I believe satellite_kitchen should be on all settings as well

pip · January 30, 2021, 11:04am

yes, with button everything works fine with the M5 (leds, speech to text, recognition,…) . I have disabled Audio Recording, now Hotword works again for Android satellite, but for M5 only button works. Both satellites are listed in all active Rhasspy server settings (all but audio recording). Hmm, I will experiment a little bit… maybe sth related with UPD streaming from other satellite

for hotword detection only hotword would be needed, right? Audio Recording on Server is not needed?

romkabouter · January 30, 2021, 11:53am

Well, the software publishes audio to Hermes MQTT, so Audio Recording on your server should be set to Hermes MQTT.
Can you post some screenshots from your settings?

I think it has to do with the UDP settings somehow.

pip · January 30, 2021, 1:09pm

okay, that’s what I thought.
Here is my profile.json
{ "command": { "webrtcvad": { "before_sec": "0.5", "max_sec": "7", "min_sec": "1", "silence_sec": "0.5" } }, "dialogue": { "satellite_site_ids": "satellite_cell,satellite_kitchen", "system": "rhasspy" }, "handle": { "satellite_site_ids": "satellite_cell,satellite_kitchen", }, "intent": { "satellite_site_ids": "satellite_cell,satellite_kitchen", "system": "fsticuffs" }, "microphone": { "system": "hermes" }, "mqtt": { "site_id": "Central" }, "sounds": { "command": { "play_arguments": "", "play_program": "pulse_tts.sh" }, "recorded": "", "system": "command" }, "speech_to_text": { "satellite_site_ids": "satellite_cell,satellite_kitchen", "system": "kaldi" }, "text_to_speech": { "nanotts": { "language": "en-US" }, "satellite_site_ids": "satellite_cell,satellite_kitchen", "system": "nanotts", "wavenet": { "sample_rate": "44100" } }, "wake": { "porcupine": { "keyword_path": "computer_linux.ppn", "sensitivity": "1.0", "udp_audio": "172.17.0.2:20000:satellite_cell" }, "satellite_site_ids": "satellite_cell,satellite_kitchen", "system": "porcupine" } }

satellite_cell works as intended and M5 (satellite_kitchen) only via button

/edit
Hmm, maybe it works afterall but only very bad (maybe due to noise or sth). I just managed to trigger via the hotword on M5 once.

romkabouter · January 30, 2021, 1:25pm

Did you try with version 7.1 are earlier?
I suggest using 22050 as google wavenet by the way. Higher than that will probably cause static sound (hissing) on the M5

Also on wakeword I see udp_audio set, might also be an issue. I do not know, never tried.

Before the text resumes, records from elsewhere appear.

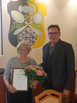 Bürgermeister Mirko Geißler überreicht Stadträtin Maria Eisentraut die Ernennungsurkunde.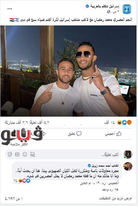 نشرت الصفحة الرسمية لـ«إسرائيل تتكلم بالعربية» على موقع التواصل الاجتماعي «فيس بوك» صورة تجمع بين لاعب المنتخب الإسرائيلي لكرة القدم ضياء سبع مع الفنان محمد رمضان، وذلك خلال تواجدهما في دبي.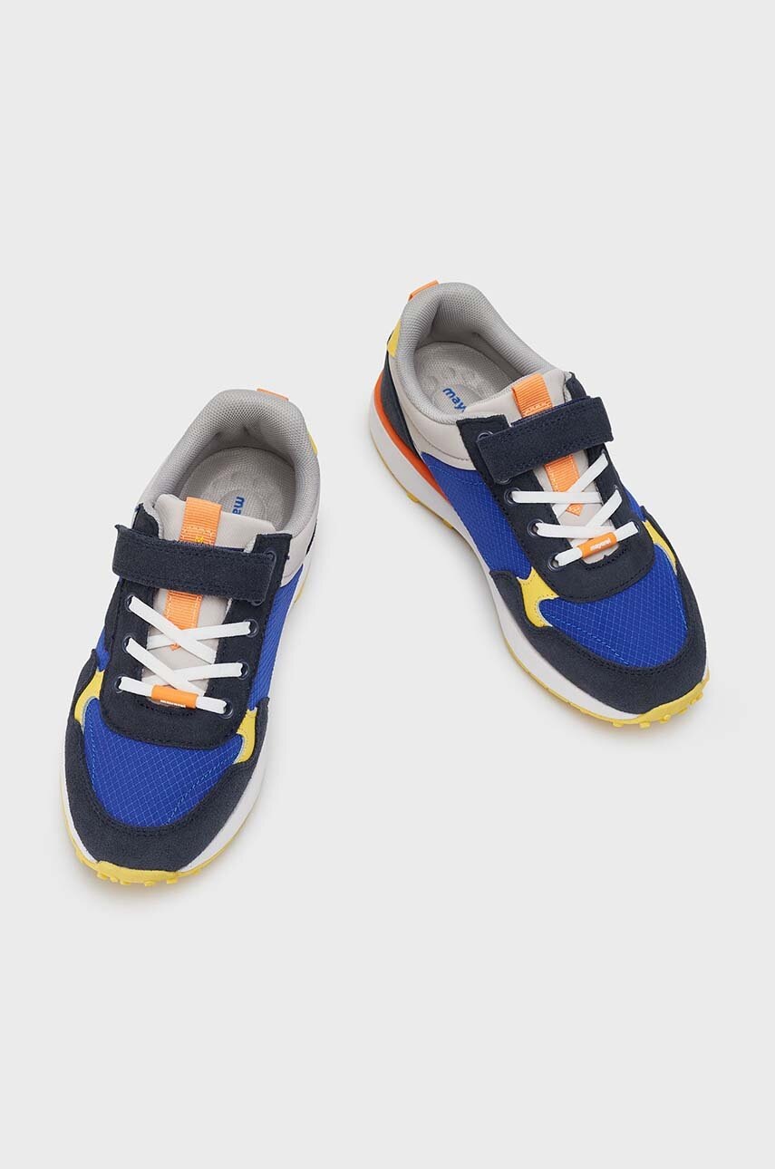 Sneakers copii din colecția Mayoral. Model confecționat combinatia materialului textil cu pielea intoarsa.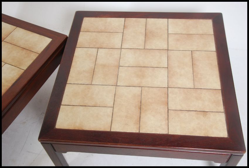 A pair of retro 20th century dark teak and tile top coffee - occasional tables Each raised on squared supports with chamfered leading edges, the tables having inset tiles atop to each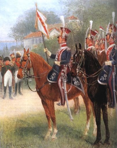 | Keywords: Elba Squadron of 1er régiment de chevau-légers lanciers polonais de la Garde impériale.PNG En Elba Squadron of the 1st Light Horse Regiment Polish Lancers of the Imperial Guard L'Armée du Duché de Varsovie par Jan V Chelminski Paris 1913 painting Jan Chełmiński 1851-1925 < 1925 PD-Art Polish troops of the Grande Armée Paintings of Napoleon I Jan Chełmiński Elba Chevau-légers and Chasseurs Lanciers polonais de la Garde impériale Flags of Elba | ||||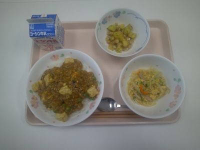 献立は、カレーマーボー豆腐丼、涼伴三糸(リャンバンサンスー)、青のりポテトビーンズ、牛乳でした。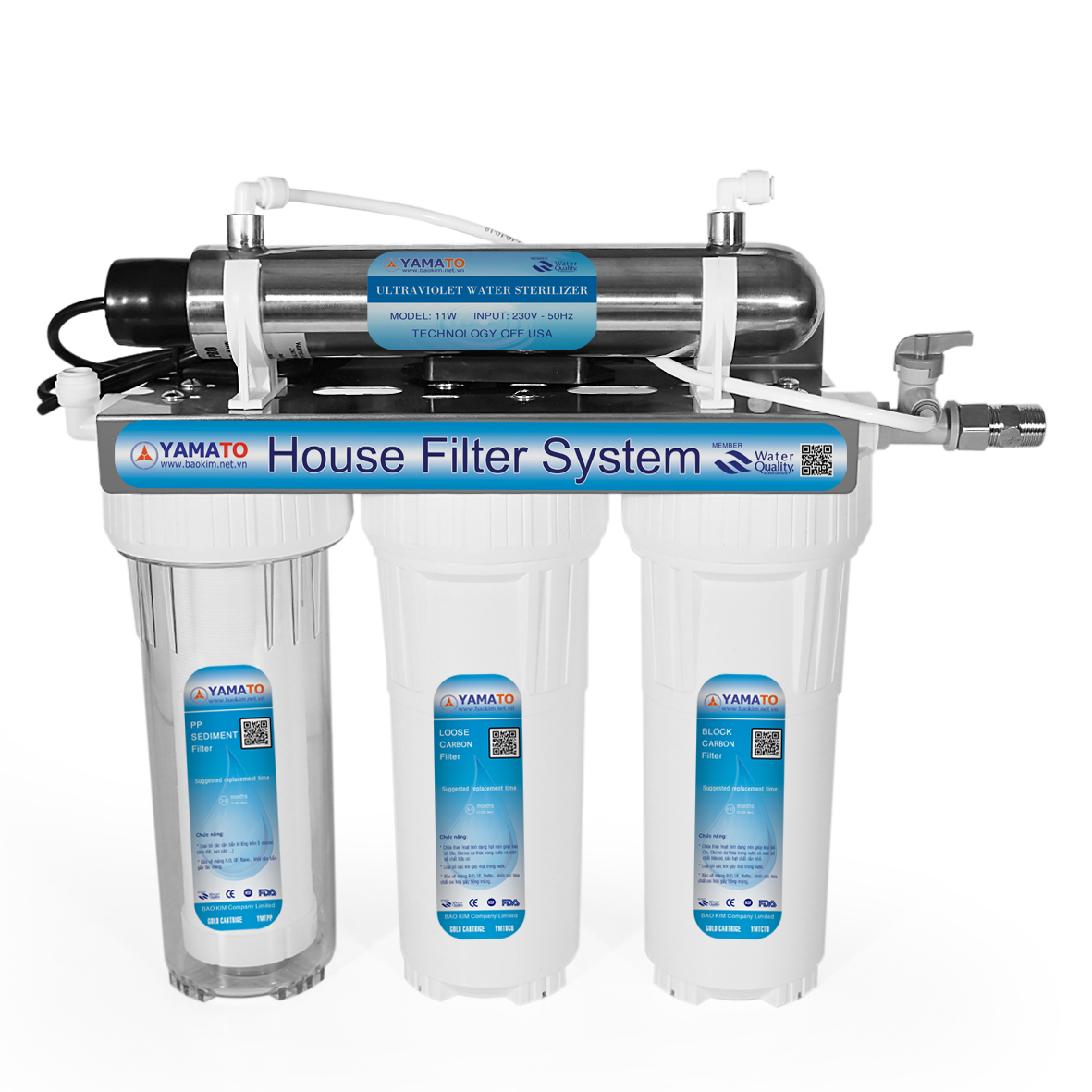 Bộ lọc nước sinh hoạt gia đình 3 cấp lọc và 1 đèn diệt khuẩn chuyên lọc nước máy, nước giếng có độ nhiễm phèn thấp

pip · January 30, 2021, 1:35pm

yes, version 7.1. I just managed to use the wakeword on the M5. It seems to work but quite bad. I had to put the M5 in a box to kind of isolate it and then after a few tries it picked up the wakeword. Only wakeword is that bad, the comand itself is picked up without any problems (when using the button).
Anyways, in general everything seems to work. I will try to find out whats interfering.
Thanks for your help and your great work on the code, I really appreciate it.

romkabouter · January 30, 2021, 1:38pm

Maybe try some different wakeword and/or systems.
Since the commands are picked up ok that might be the issue.

The device does nothing more than stream audio.